Request an Annual Quote

FDA Approves Amgen's Lumakras for NSCLC Alongside Companion Tests From Guardant Health, Qiagen

NEW YORK – The US Food and Drug Administration on Friday approved Amgen's sotorasib (Lumakras) for previously treated, locally advanced, or metastatic non-small cell lung cancer patients whose tumors harbor a KRAS G12C mutation.

The FDA also approved two companion diagnostics with sotorasib to identify patients with the KRAS G12C mutation: Qiagen's Therascreen KRAS RGQ PCR kit and Guardant Health's Guardant360 CDx. Qiagen's PCR test analyzes tumor tissue, and Guardant's next-generation sequencing test detects mutations in plasma samples.

Amgen partnered with Guardant and Qiagen last year to develop both the tissue- and blood-based companion diagnostics to identify patients with the KRAS G12C mutation. The FDA said if Guardant's test doesn't detect the mutation in patients' blood sample, then physicians should screen patients' tumor tissue for the mutation using Qiagen's test.

Sotorasib's approval makes it the first inhibitor of KRAS, once thought to be an "undruggable" target, to reach the market.

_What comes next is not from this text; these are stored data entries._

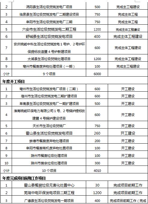 (三)年內完成開工建設項目。開工建設天長市、霍山縣垃圾焚燒發(fā)電項目,亳州市、宿州市垃圾焚燒發(fā)電二期項目,阜南縣垃圾焚燒發(fā)電一期擴建項目,淮南垃圾焚燒發(fā)電提標改造暨新建項目,以及蚌埠市、阜陽市、滁州市餐廚和廚余垃圾處理項目等10個項目。
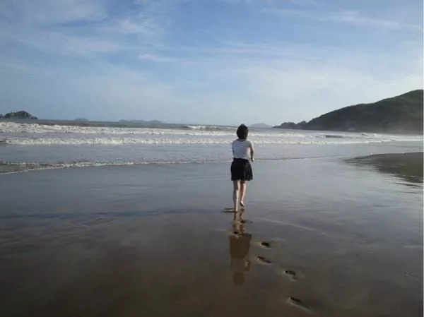 脫掉鞋子,穿上美美的長裙,在沙灘上玩起來自由自在。來海邊不就是這么放松的么?
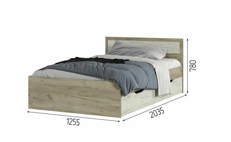 Кровать гармония КР 606 с ящиками, ЛДСП, дуб крафт белый/дуб крафт серый, 120х200 см информация:
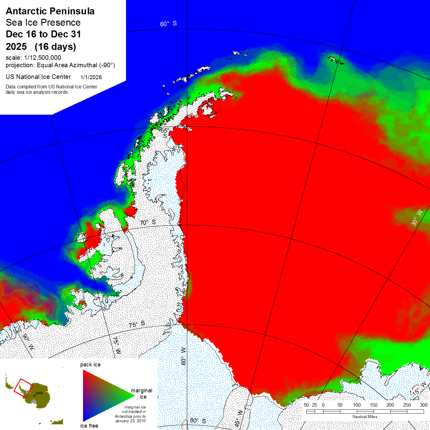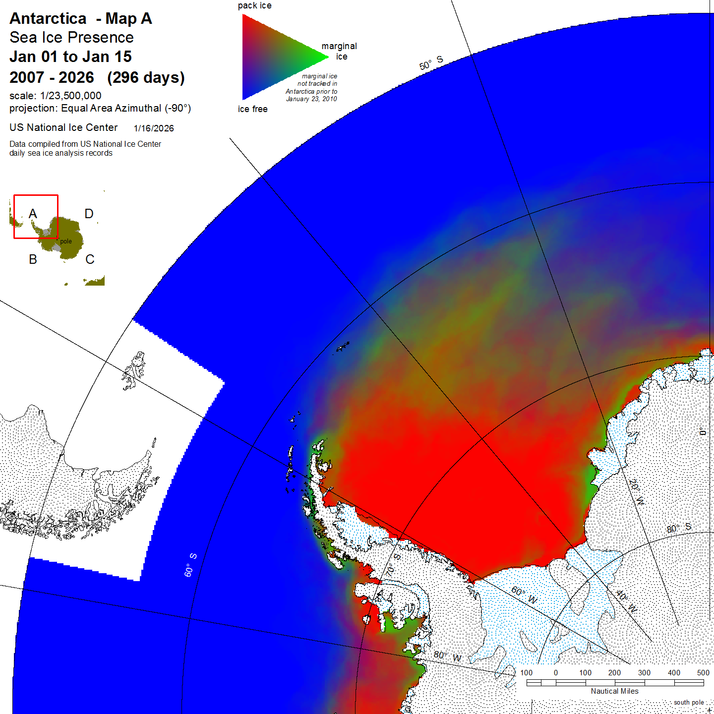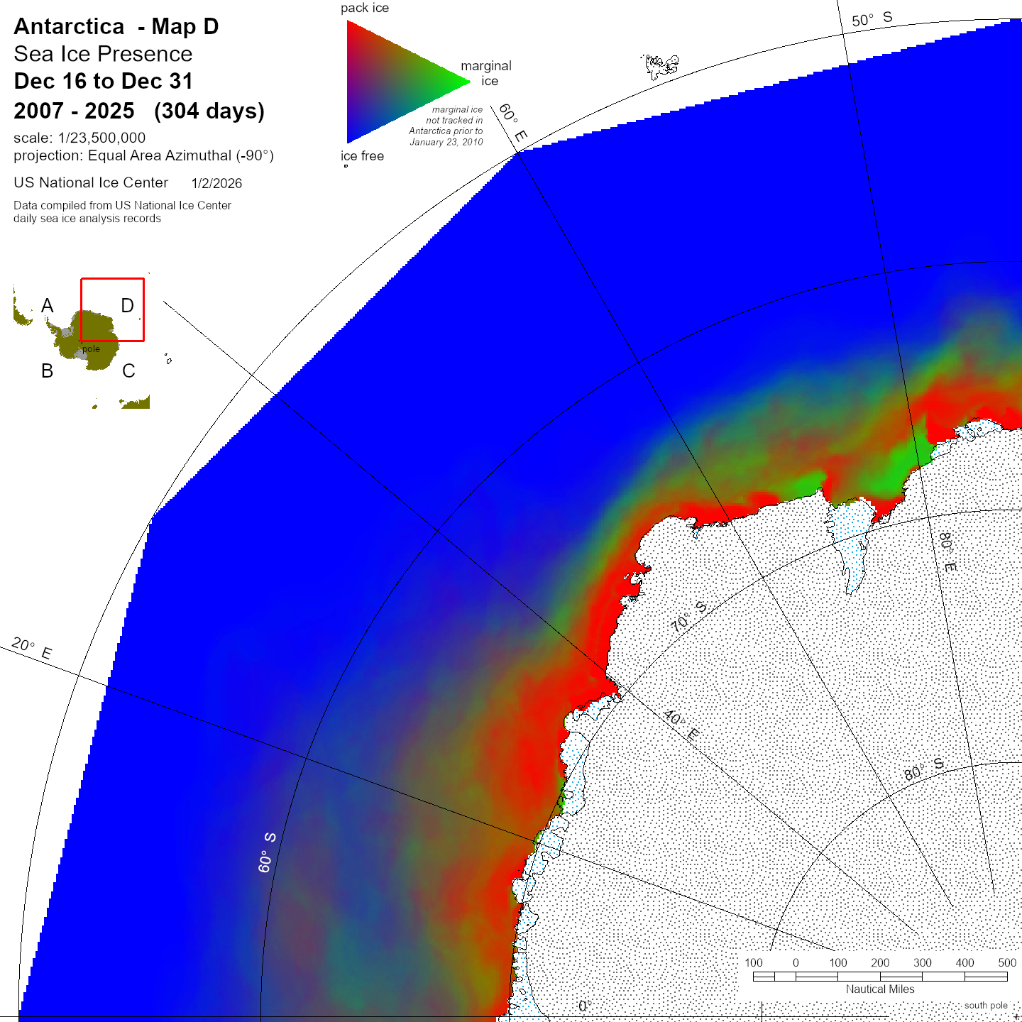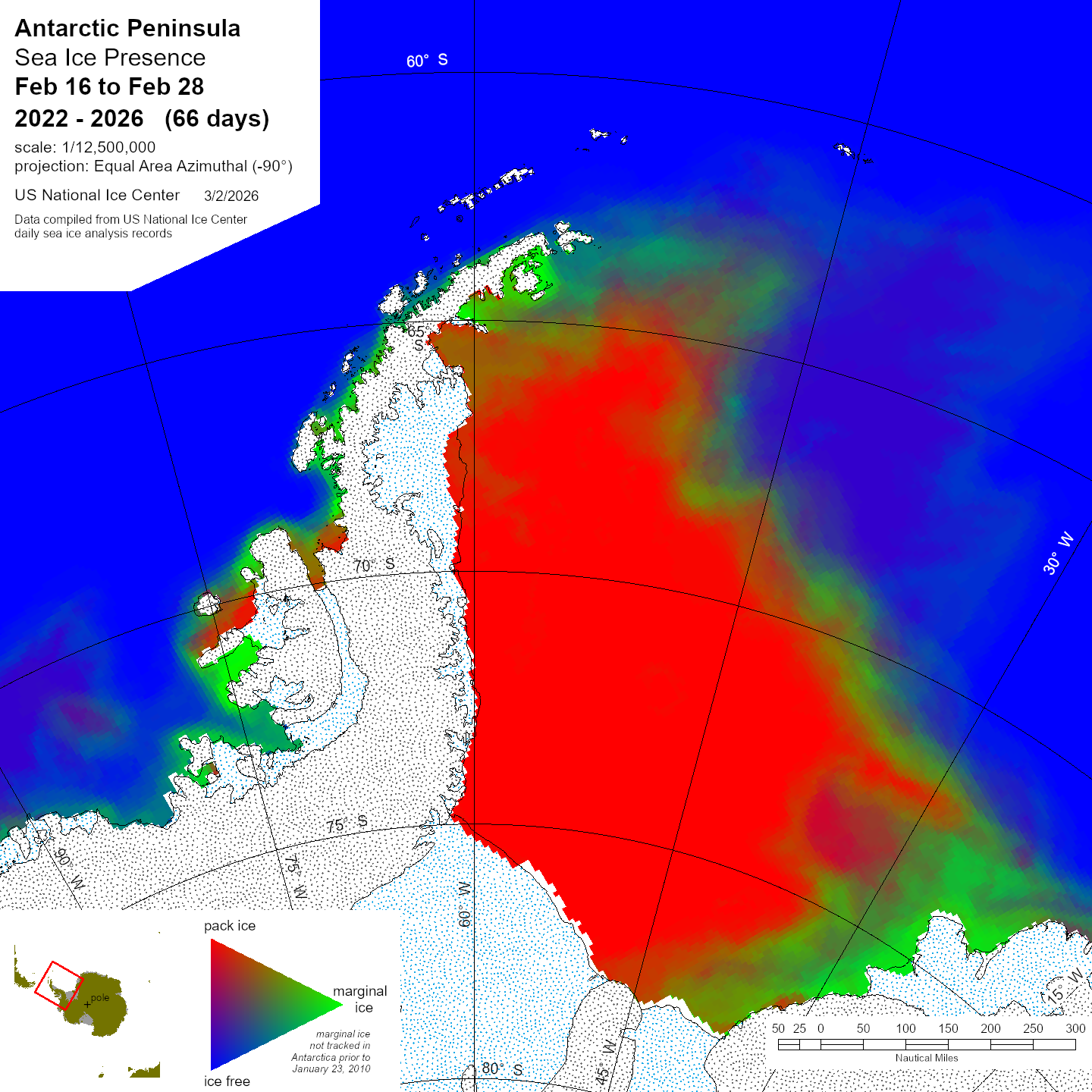 Antarctic Trivariate products and data sets are derived from the U.S. National Ice Center archive data to provide an accurate, comprehensive, and easily understood characterization of analyzed sea ice conditions in the polar regions. The trivariate product characterizes ice coverage over time; in this case in half-month time blocks. The Single Year data shows conditions during the stated period for the year indicated. Compendium Year maps show a diachronic view of the sea ice for the stated half-month period in all years from 2007 to the date noted. For more information, please visit our Trivariate information page.

"The FDA approval of Lumakras is a breakthrough moment for patients with KRAS G12C-mutated non-small cell lung cancer because there is now a targeted therapy for this common, but previously elusive, mutation," David Reese, executive VP of R&D at Amgen, said in a statement. "The Lumakras development program was a race against cancer for Amgen's scientists and clinical trial investigators who together have now successfully delivered this new medicine to patients in less than three years — from first patient dosed to US regulatory approval."

The agency made its decision after evaluating data from the Phase II CodeBreak-100 clinical trial, which included 124 patients with locally advanced or metastatic, KRAS G12C-mutated NSCLC whose disease had progressed after receiving an immune checkpoint inhibitor or platinum-based chemotherapy. The objective response rate was 36 percent, and the disease control rate was 81 percent. Just over half (58 percent) of the responding patients continued to respond to the drug for six months or longer.

The FDA granted accelerated approval to sotorasib, and as such, Amgen may need to submit additional data to verify the clinical benefit seen in earlier studies. Specifically, the FDA has required a post-marketing study to investigate whether patients' responses to sotorasib are impacted by a lower dose.

Mirati Theapeutics is also advancing a registration-enabling study for adagrasib in KRAS G12C-mutated NSCLC and is expecting to complete a new drug application submission later this year. In a statement, the company highlighted that adagrasib is designed to sustain its inhibition of KRAS G12C, a potentially important attribute in treating KRAS G12C-mutated cancers, which regenerate every 24 to 48 hours.